Amongst our members there was strong support for retaining budgeting, which we believe is a useful and effective tool for both judges and the parties.

We told the consultation that costs management has achieved what it was created to deliver: to provide judicial oversight on the cost for claims and provide a cap on what could be considered reasonable and proportionate. Nearly three-quarters of costs lawyers say it assists at the detailed assessment, with several reporting that it is reducing the overall number of assessments required.

The alternatives are either “a return to dealing with unmanaged costs solely at the end of the claim”, or further expansion of the fixed costs regime. The ACL considers that neither of these options are suitable and will have a negative impact on access to justice.

The costs management process has been improved over the years but the majority of costs lawyers consider there is still scope for additional reform. Those proposed by the ACL include:

  • De-coupling case and costs management so that the court can set out the clear directions that the claim will take and the budget prepared accordingly, know the number of witnesses, type of disclosure, number and specialism of experts, and so on.
  • Updating Precedent R to reflect the approach adopted within points of dispute and reply, namely that both parties can include their comments and rebuttals within one document, which is then served and filed with the court ahead of any costs management conference.
  • Issuing guidance that sets out clearly where costs are to be considered incurred or budgeted, reducing arguments at the detailed assessment.
  • Clarifying the test for varying the cost budget – the current rules say it should happen when there have been ‘significant developments’ in the case, but at detailed assessment the budget can be departed from where there is ‘good reason to depart’. The two tests appear to have different levels and it has been interpreted that the bar is lower to establish a good reason to depart than to significant developments. Therefore, in some circumstances, it may be currently better for a solicitor to decide to not update a costs budget during the case. This is against the spirit of the rules.
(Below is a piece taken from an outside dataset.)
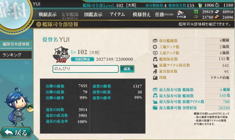 ボス到達率 16/24(約67%)・・・まあまあ。なんとなく疲労が関係してたような。

Guideline hourly rates (GHR) should continue to be a starting point for summary assessment and, as the description states, a guideline. However, with fixed costs soon to be introduced for most money cases where damages exceed £100,000, the GHR should be amended to reflect that those cases where they apply may be more complex and important than the usual case now.

Our response also argues that complexity of work, rather than where it is done, should be a key factor in setting the GHR. Most members of the ACL believe that home working will in fact have little impact on overheads in the overall scheme of a case’s costs. They also call for the GHR to be reviewed no less than every two years.

Further, costs lawyers should be recognised within the GHR, as was recommended by the 2014 Foskett review. This said they should be eligible for payment at grades C or B, depending on the complexity of the work.

The ACL remains of the view that this recommendation should be included explicitly within the GHR’s ‘fee-earner’ category. Costs lawyers are regulated professionals and are qualified to conduct reserved legal activities pursuant to the Legal Services Act 2007.

In his independent review of legal services regulation in 2020, Professor Stephen Mayson said costs activities should be restricted to costs lawyers to ensure that “harmful dabbling” is avoided and greater consumer protection when dealing with the issues of costs.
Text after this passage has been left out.